1 onion diced
4 garlic cloves diced
2 tablespoons butter
1 pound ground beef/elk/deer
6 cups spaghetti sauce
1 pound dry spaghetti noodles
1 cup grated Parmesan cheese
1 1/2 cups grated cheddar cheese
1 cup cottage cheese
2 tablespoons fresh chopped parsley
Heat oven to 375 degrees. In large pot melt butter. Add the onion & garlic & cook about 3 minutes. Add ground beef & cook through, until there is no pink. Add spaghetti sauce to meat mixture & cover, simmer while you make the noodles. Break spaghetti noodles in half & cook until al dente. Drain & rinse with cold water to prevent sticking.
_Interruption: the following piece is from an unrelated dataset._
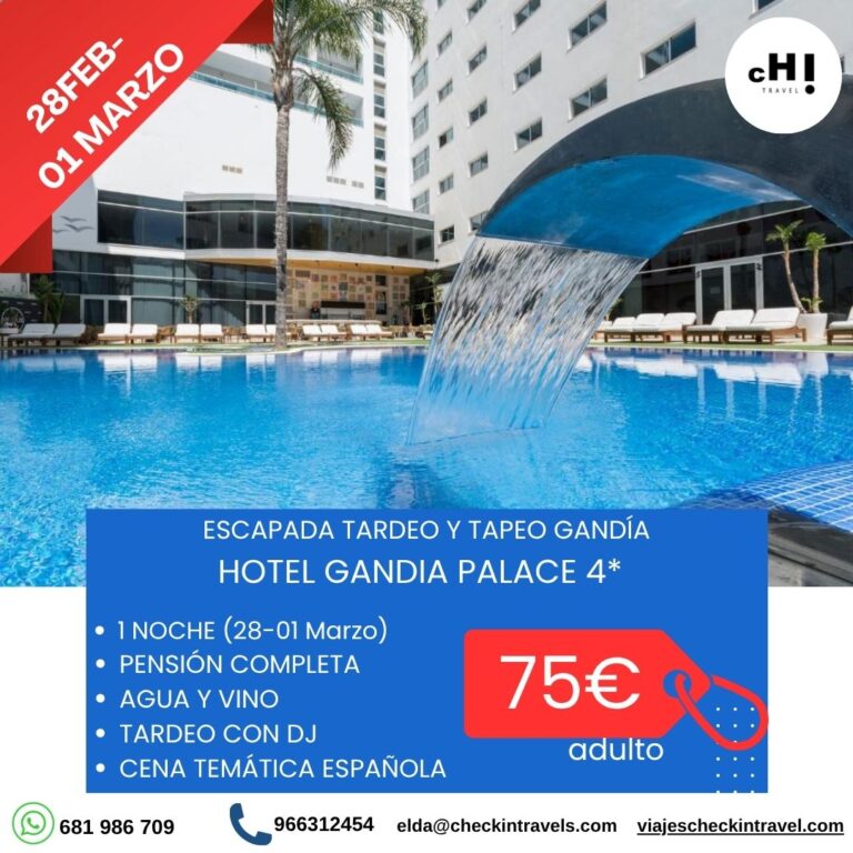 OFERTON TARDEO Y TAPEO EN GANDIA FEBRERO 10/16/2025 𝐇. 𝐆𝐚𝐧𝐝𝐢𝐚 𝐏𝐚𝐥𝐚𝐜𝐞 𝟒* (Playa de Gandía) 𝟐𝟖-𝟎𝟏 𝐌𝐚𝐫𝐳𝐨 (𝟏 𝐧𝐨𝐜𝐡𝐞) Ver oferta

To assemble place a layer of sauce on the bottom of a 9x13 inch casserole dish. Top with half the noodles in an even layer, coat with half of the remaining sauce. Dollop cottage cheese on top by spoonfuls & as evenly as possible. Sprinkle half the Parmesan & half the cheddar on top. Next put on the remaining noodles in an even layer. Evenly pour on remaining sauce & smooth out using a rubber spatula. Top with remaining cheese & sprinkle on parsley.
Cover with foil & cook for 30 minutes. Remove foil & cook for another 10 minutes or until cheese is bubbly. Serve with burnt butter bread & enjoy!